# Alphonsis' worst enemy is anything he can get stuck in



## abigailthecrowntail (Dec 20, 2015)

Just a little log of the majesty that is the graceful Alphonsis 

Alphonsis: *stuck in plant*

Me: *removes Alphonsis*

Alphonsis: *swims directly into plant and gets stuck again*

Me: ...

Alphonsis: *struggles*

Me: *removes Alphonsis and fixes plant so he can't get stuck*

Alphonsis *gets stuck between arm and bracelet while fixing plant*

Me: ... How...?


----------



## jadaBlu (Feb 14, 2013)

Sound like Alphonsis might benefit from a planted tank. Is your bracelet aquarium safe?


----------



## abigailthecrowntail (Dec 20, 2015)

jadaBlu said:


> Sound like Alphonsis might benefit from a planted tank. Is your bracelet aquarium safe?
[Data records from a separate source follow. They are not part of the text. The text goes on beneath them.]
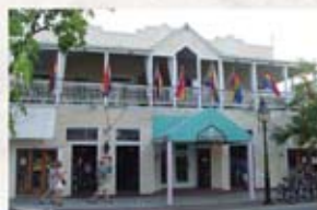
Bourbon- 724 Duval St.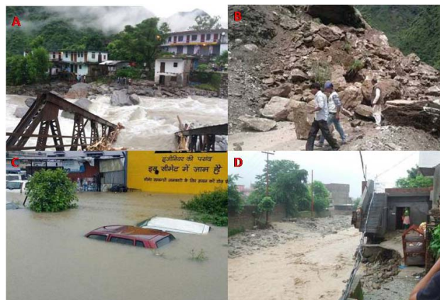
Fig. 2 A. Bridge collapsed due to flashfloods in Kanar village, Pithoragarh; B. Huge landslide on the Gangotri pilgrimage road; C. Roads are over flooded due to cloudburst-triggered floods in Dehradun city; D. Houses collapsed along the seasonal Nala in Kotdwar due to cloudburst (All these incidences occurred in the second week of August 2017)

In the second week of August 2017, cloudburst-triggered flashfloods and landslides have devastated Malpa village, Kotdwar town, and Dehradun city where a number of people died and huge property was damaged (Fig. 2).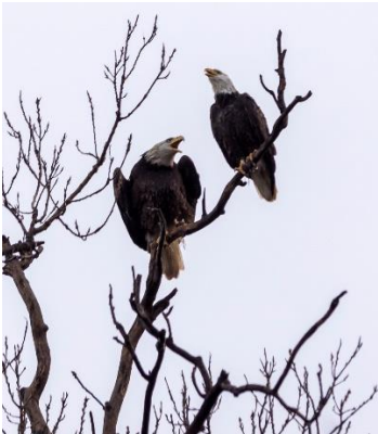
American Bald Eagles at Hagerman National Wildlife Refuge Jan. 2017.

In this space, I plan to highlight things for North Texas nature photographers to see and do. Please feel free to send me items of interest to share with the club. Thanks.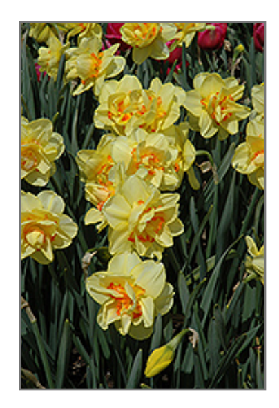
Tahiti Daffodil flowers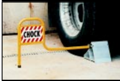
7.25"W x 8"H x 10.5"D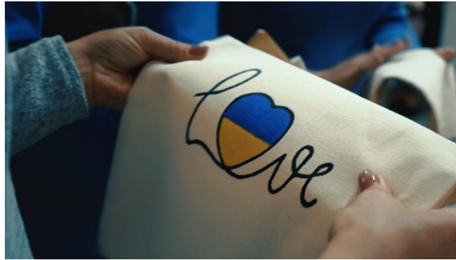
Horodok community, Khmelnytskyi region)

Irrespective of the permanently changing and volatile context, the CEGG remains a valued advisor to the Government, the Parliament, and local authorities in Ukraine on standards and values in respect of good democratic governance.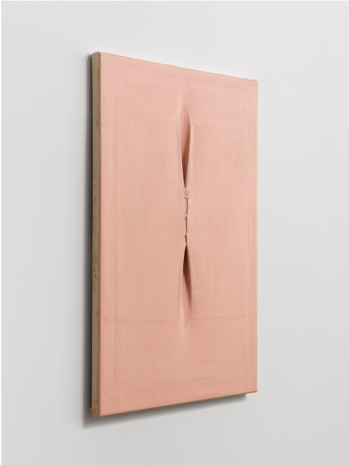
Eli Ping Untitled , 2021 oil on canvas, thread 24 x 19 x 1 inches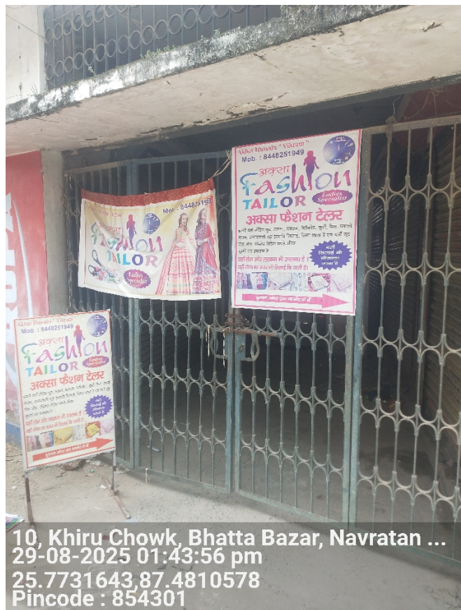
Photo with UPI Scanner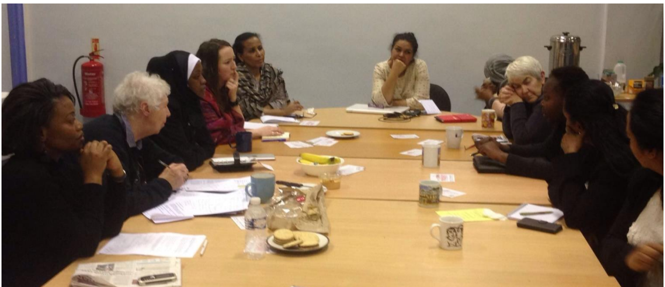
VoAW Meeting with some London WILPF members

Our work for women in Sudan, Darfur, Somalia, Rwanda, Eritrea, DR Congo, Chad has continued throughout the year.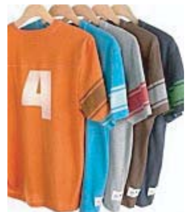
American Rag $19.50

trends for men include retro sport, rock & roll, preppy, screen tees, bold stripes, screen printed dress shirts, 70's & 80's inspirations and embroidered pocket jeans. Go full speed ahead with bold or muted tones.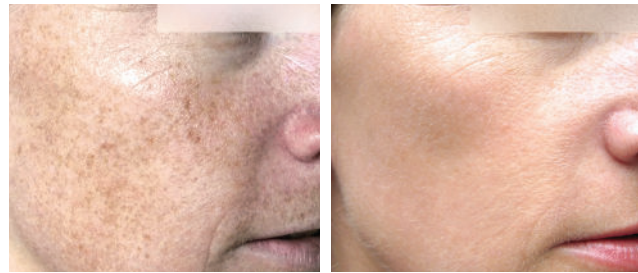
2 weeks post 2 tx | courtesy of Laura Brougher, RN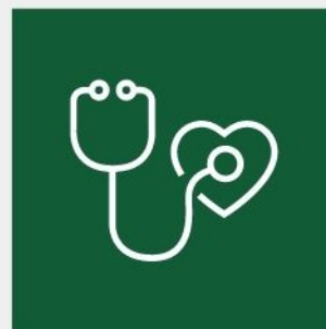
Cardiovascular Diseases & Periodontitis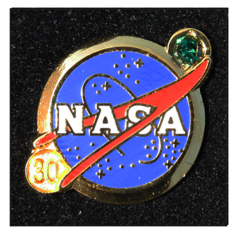
30 Year Pin - Green Stone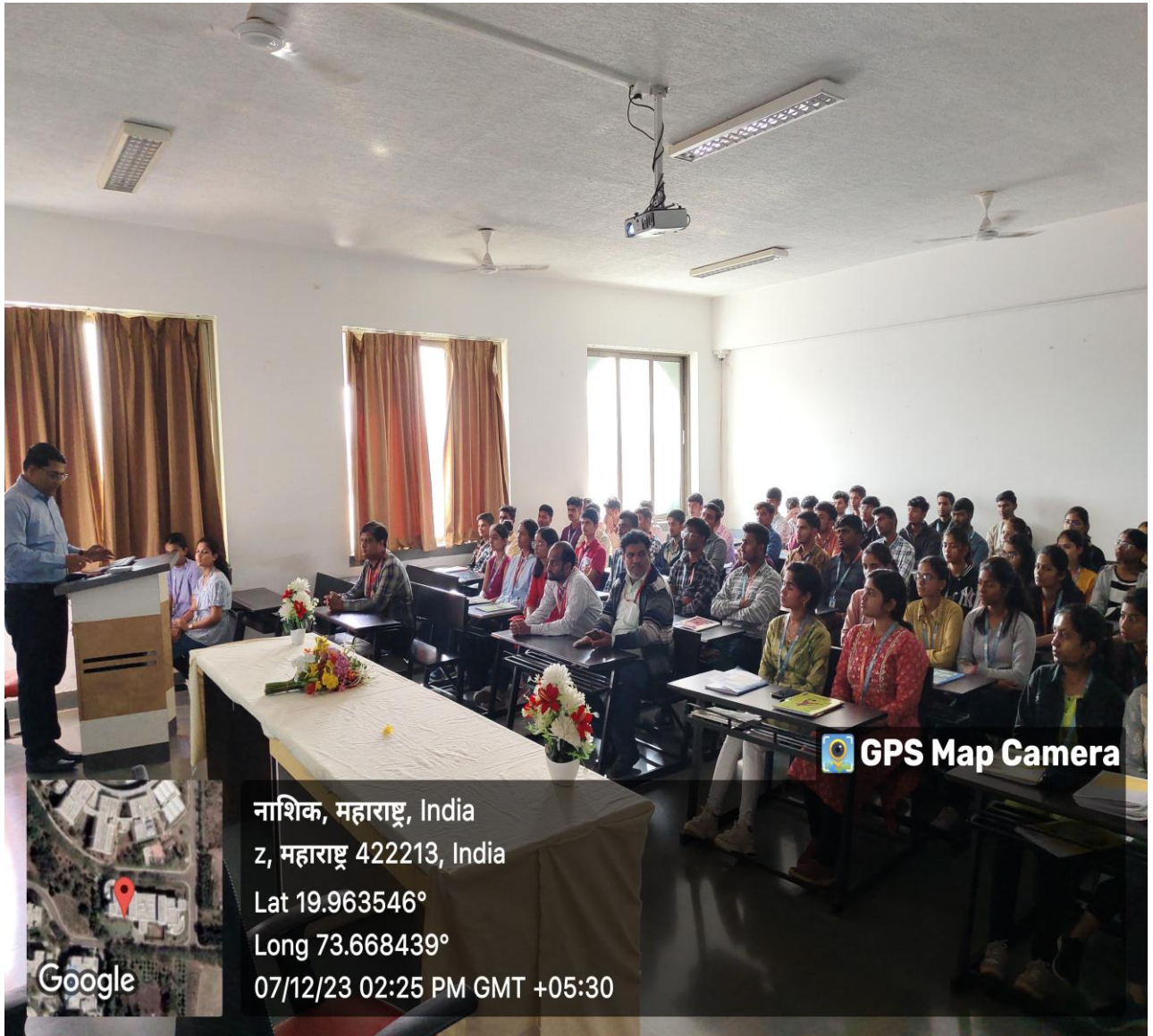
Talk on “choices and challenges in professional life”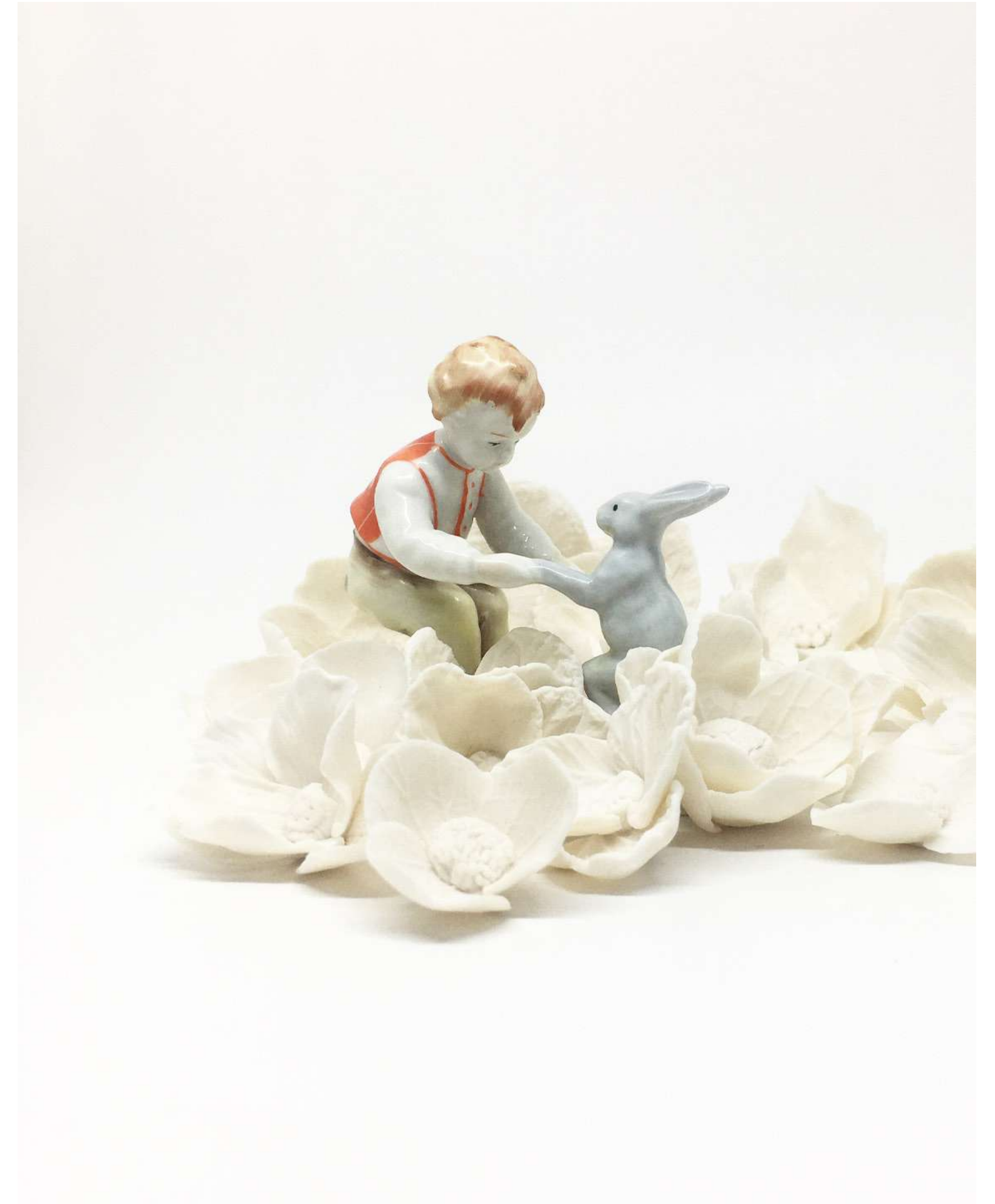
Boy and Rabbit Porcelain, antique doll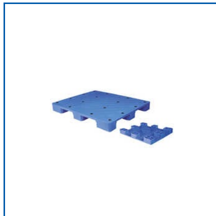
1200 MM INJECTION MOULD PLASTIC PALLETS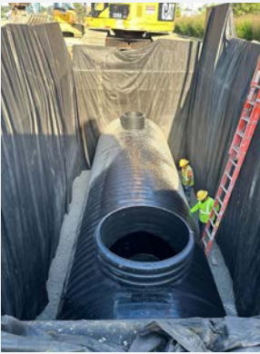
A new storm sewer relief system will alleviate flooding along the South Westnedge Commercial Corridor

Thank you for your patience and support as we work to build a better Portage. These improvements are vital investments in the future of our community, ensuring that Portage remains a safe, vibrant, and enjoyable place to live, work, and visit. We are excited for the positive impact these projects will bring, and we look forward to sharing more updates as we continue to make Portage A Natural Place to Move!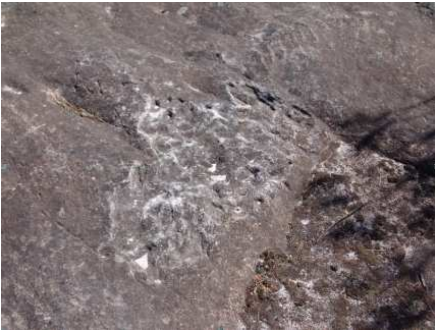
Detail of excavation rock work, north of pedestal rocks.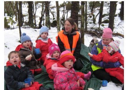
Everybody say "Hot Soup!" The children enjoying a warming cup of soup at snack time.

We've had fun all day playing in our woods We've had fun all day playing in our woods We've had fun all day being, laughing, learning and playing We've had fun all day playing in our woods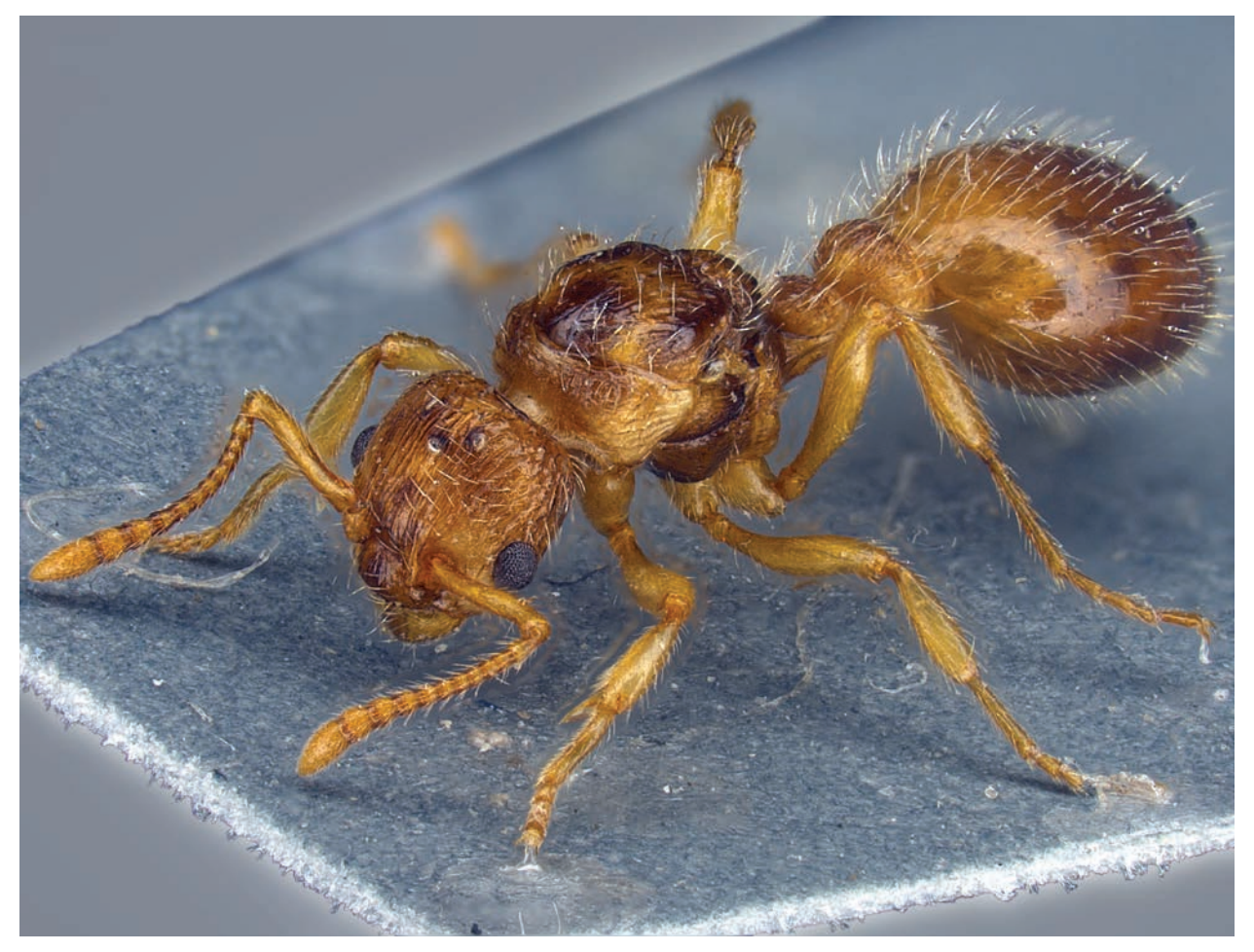
Figure 2. Gyne of Myrmica hirsuta Elmes, 1978 in standing position.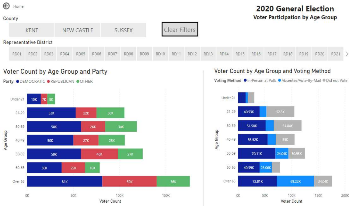
Figure 3: 2020 General Election Voter Participation by Age Group

The use of Microsoft Power BI, for the implementation of the election night reporting solution, has motivated the Department of Elections to look into other ways that they can create additional dashboards/visualizations that will give them greater insight into their own data. Figure 3, below, is a custom voter participation report that was created following the 2020 General Election.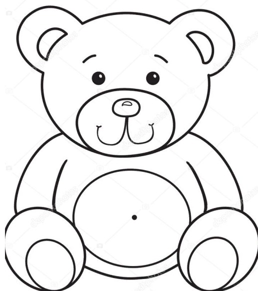
brown teddy bear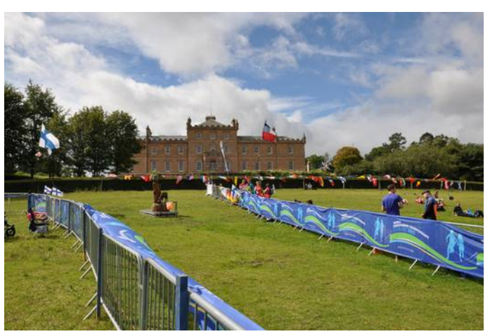
The finish chute and final control for the Darnaway middle distance course

Since I was in the recreational starts, I didn't have a specific start time and just had to find the correct line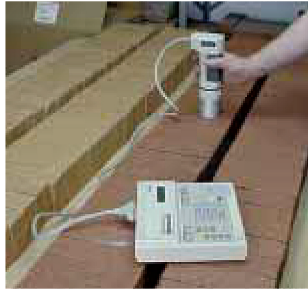
Figure 3: Color Room Layout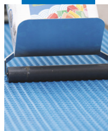
Pressing Mapeguard UM 35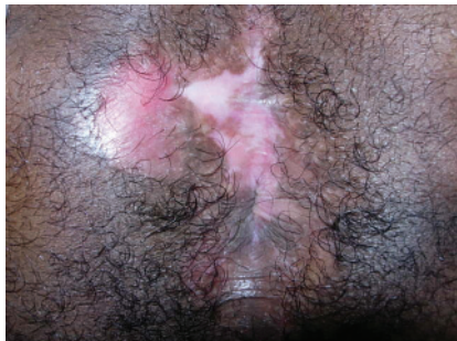
Figure 2 - Proctologic exam after surgery.

b114® for HSV type 1 and b116® for HSV type 2 from Dako Denmark A/S (Glostrup - Denmark) revealed the presence of HSV type 2. Fungal and acid-alcohol resistant bacilli screening were negative.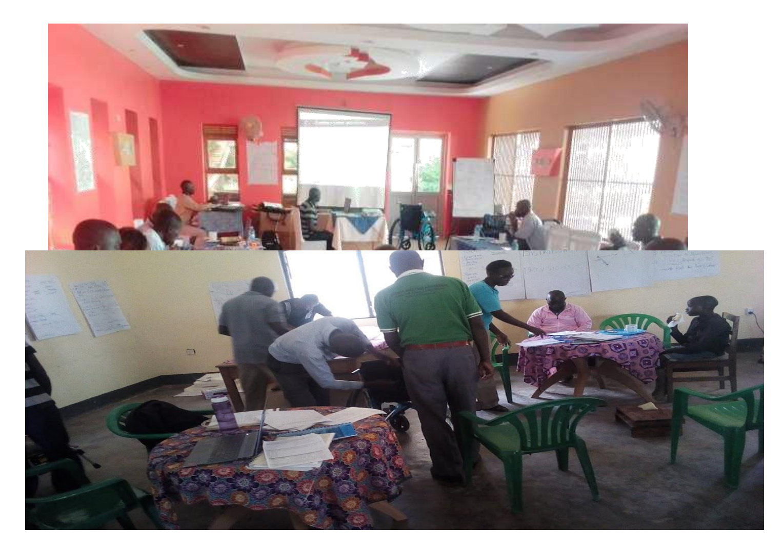
Intermediate training in Ediofe Youth centre

7 Days training to equip the team with complete management of paediatric (children)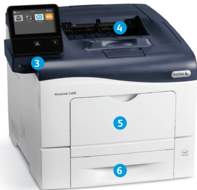
Xerox® VersaLink® C400 Color Printer Print.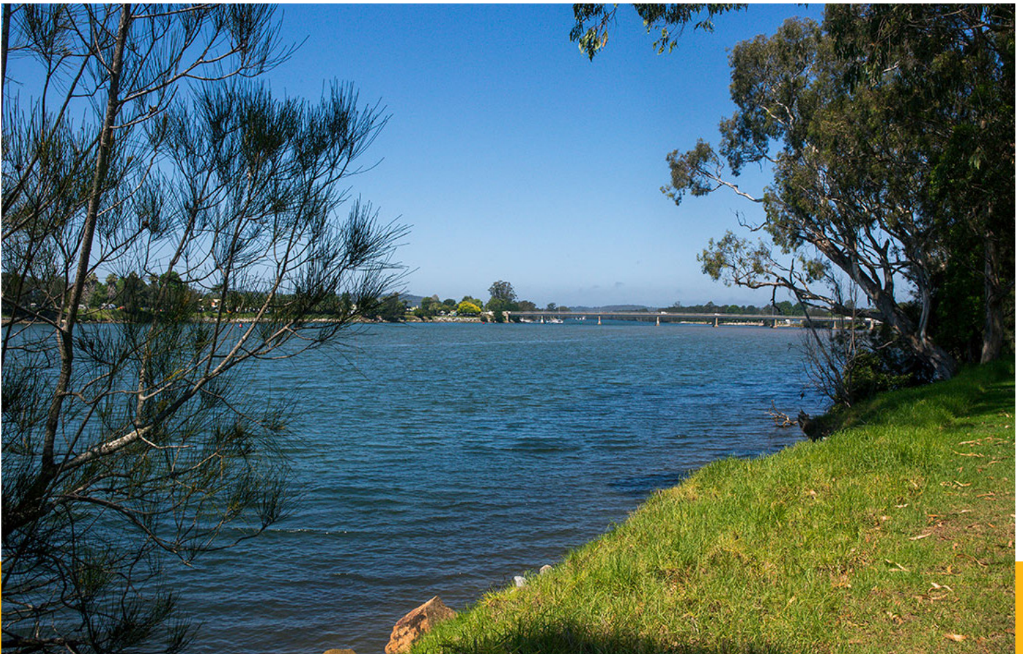
Top left - Be surrounded by stunning landscaped gardens.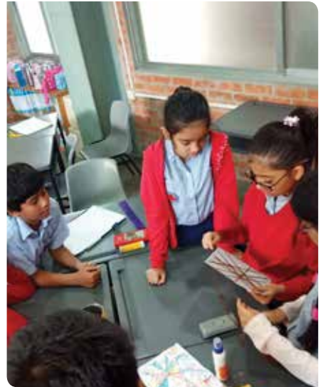
Grade 4 students working on foil art work using strings!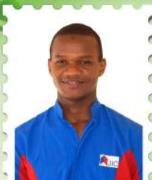
PRODUCTION Sulaiti Ddamulira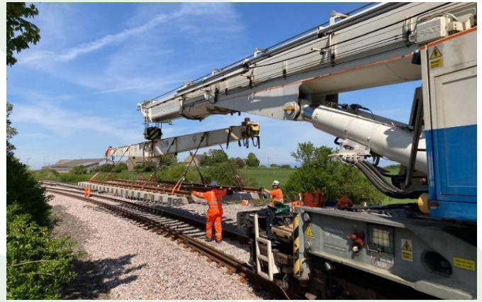
Track renewal works

I agree. His usual home is a 10 gallon thats planted but he's in the hospital thank right now. Its a 10 gallon filled half way for ease of water changes. He's very old and has some health problems so he's been having to spend quite a bit of time in there. I put a few plants in there to try and keep him somewhat happy, but I don't want to put too many things in there that can trap bad bacteria. Plus I have to wash those during water changes as well.

My bracelet is 100% natural, Non treated, non died woven hemp. Its pretty much just a string around my wrist.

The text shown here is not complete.